The data set we will be using for this lesson is the Telco Customer Churn data set from Kaggle. Let's go ahead and import the data set using the Pandas read_csv method and take a look at what columns we have to work with.

In [2]:
df = pd.read_csv('churn.csv')
df.columns

Index(['customerID', 'gender', 'SeniorCitizen', 'Partner', 'Dependents',
       'tenure', 'PhoneService', 'MultipleLines', 'InternetService',
       'OnlineSecurity', 'OnlineBackup', 'DeviceProtection', 'TechSupport',
       'StreamingTV', 'StreamingMovies', 'Contract', 'PaperlessBilling',
       'PaymentMethod', 'MonthlyCharges', 'TotalCharges', 'Churn'],
      dtype='object')

In [3]:
# Show all columns 
df.head()

Unnamed: 0,customerID,gender,SeniorCitizen,Partner,Dependents,tenure,PhoneService,MultipleLines,InternetService,OnlineSecurity,...,DeviceProtection,TechSupport,StreamingTV,StreamingMovies,Contract,PaperlessBilling,PaymentMethod,MonthlyCharges,TotalCharges,Churn
0,7590-VHVEG,Female,0,Yes,No,1,No,No phone service,DSL,No,...,No,No,No,No,Month-to-month,Yes,Electronic check,29.85,29.85,No
1,5575-GNVDE,Male,0,No,No,34,Yes,No,DSL,Yes,...,Yes,No,No,No,One year,No,Mailed check,56.95,1889.5,No
2,3668-QPYBK,Male,0,No,No,2,Yes,No,DSL,Yes,...,No,No,No,No,Month-to-month,Yes,Mailed check,53.85,108.15,Yes
3,7795-CFOCW,Male,0,No,No,45,No,No phone service,DSL,Yes,...,Yes,Yes,No,No,One year,No,Bank transfer (automatic),42.3,1840.75,No
4,9237-HQITU,Female,0,No,No,2,Yes,No,Fiber optic,No,...,No,No,No,No,Month-to-month,Yes,Electronic check,70.7,151.65,Yes


To make our life easier, let us first convert the churns to zeros and ones. 

In [4]:
df.loc[df.Churn=='No','Churn'] = 0 
df.loc[df.Churn=='Yes','Churn'] = 1

In [6]:
df['Churn']

0       0
1       0
2       1
3       0
4       1
       ..
7038    0
7039    0
7040    0
7041    1
7042    0
Name: Churn, Length: 7043, dtype: int64

In [7]:
df = df.rename(columns={"Churn": "ChurnBinary"})

## Interactive Histograms

The first type of interactive visualization we will be generating with Plotly and cufflinks is a histogram. 

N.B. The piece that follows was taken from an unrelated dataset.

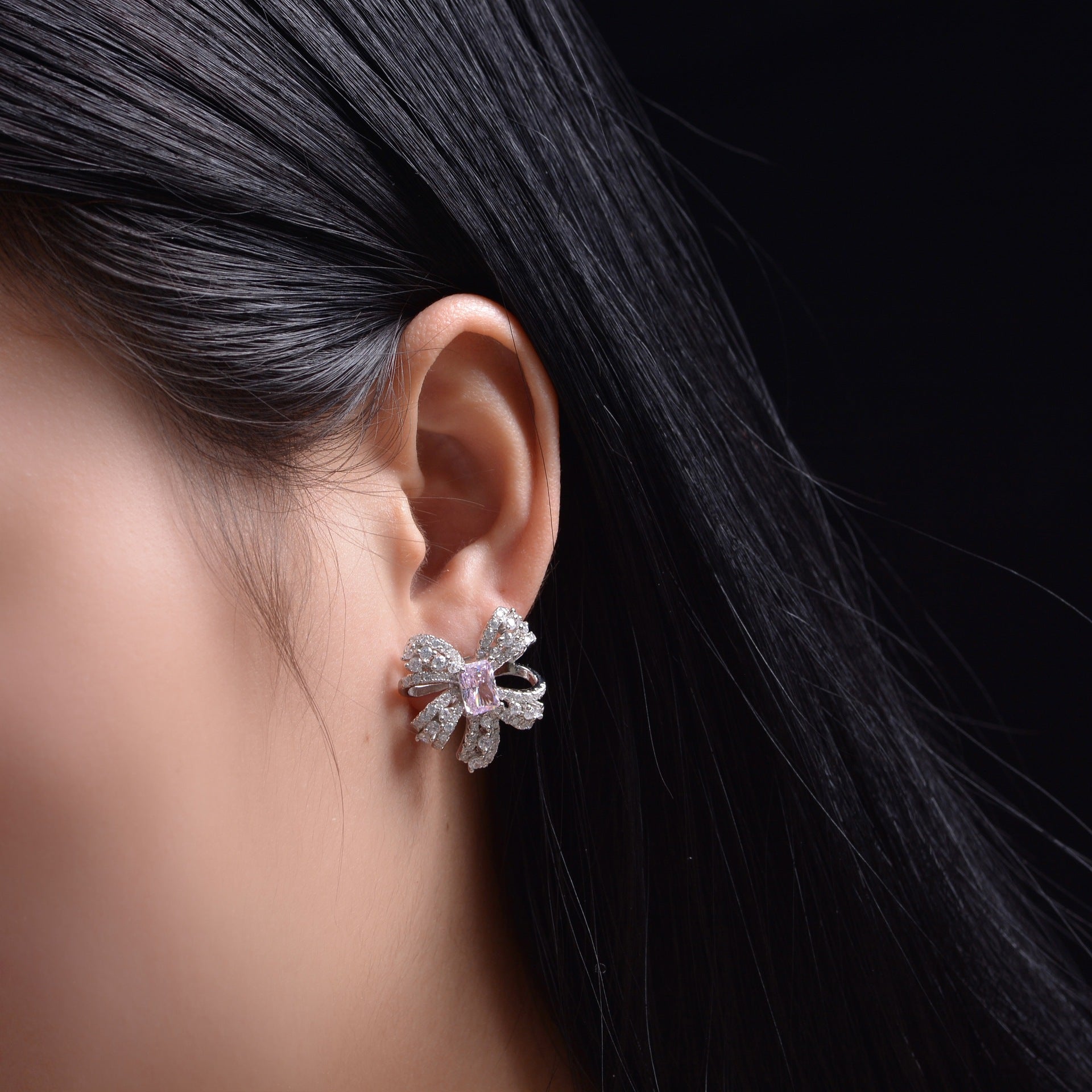 These sterling silver earrings feature a stunning 1-carat rectangular frosted cut high-carbon diamond, measuring 5x7mm. Designed with a delicate bow motif, they combine elegance and charm, making them perfect for women who appreciate refined and timeless jewelry. The high-carbon diamond adds brilliance and durability, giving you a lasting sparkle to complement any outfit.

Histograms help us visualize how the values in a specific field are distributed. 

Let's take the TotalCharges column of our data set and create a basic interactive histogram for it.

In [8]:
data = df['TotalCharges']

data.iplot(kind='hist', xTitle='Total Charges', yTitle='Count', 
           title='Total Charges Distribution')
 

Instead of count, we can also get the percentage by using an additional argument: histnorm='percent'. 

In [9]:
data.iplot(kind='hist', xTitle='Total Charges', histnorm='percent', yTitle='Percentage', 
           title='Total Charges Distribution')

Now let us make a histogram with more dimensions. Here we will plot the monthly charge by payment method. 

In [11]:
data = df.pivot_table(values='MonthlyCharges', columns='PaymentMethod', index='customerID', aggfunc='sum')
data

PaymentMethod,Bank transfer (automatic),Credit card (automatic),Electronic check,Mailed check
customerID,Unnamed: 1_level_1,Unnamed: 2_level_1,Unnamed: 3_level_1,Unnamed: 4_level_1
0002-ORFBO,,,,65.60
0003-MKNFE,,,,59.90
0004-TLHLJ,,,73.9,
0011-IGKFF,,,98.0,
0013-EXCHZ,,,,83.90
...,...,...,...,...
9987-LUTYD,,,,55.15
9992-RRAMN,,,85.1,
9992-UJOEL,,,,50.30
9993-LHIEB,,,,67.85


In [24]:
data.iplot(kind='hist', xTitle='Charge', histnorm = 'percent', yTitle='Percentage of people that Payed that Amount', 
           title='Monthly Charge by Payment Method')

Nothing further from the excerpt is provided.